■ **GIVEN DATA**:

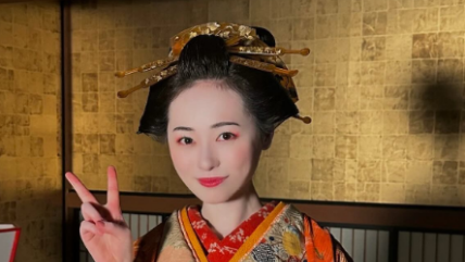 花魁の衣装を身に纏い、ニッコリスマイルでピースサインをする福原が可愛すぎると話題になっている。
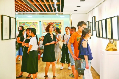 8月6日,观众在北京新闻大厦欣赏“像外像在北方——顾桃绘画展”。该展览汇集了纪录片导演顾桃以北方少数民族为主题创作的素描、油画等作品50余幅。
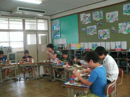 夏休み前の最後の給食は,クラスみんなで輪になって食べました。ボランティアの先生もいっしょに食べてくださって,楽しい時間を過ごしました。

■ **DIRECTIONS**: Retype the whole listing, keeping every line identical and omitting all pictures.

■ **FINISHED TASK**:
 花魁の衣装を身に纏い、ニッコリスマイルでピースサインをする福原が可愛すぎると話題になっている。
 8月6日,观众在北京新闻大厦欣赏“像外像在北方——顾桃绘画展”。该展览汇集了纪录片导演顾桃以北方少数民族为主题创作的素描、油画等作品50余幅。
 夏休み前の最後の給食は,クラスみんなで輪になって食べました。ボランティアの先生もいっしょに食べてくださって,楽しい時間を過ごしました。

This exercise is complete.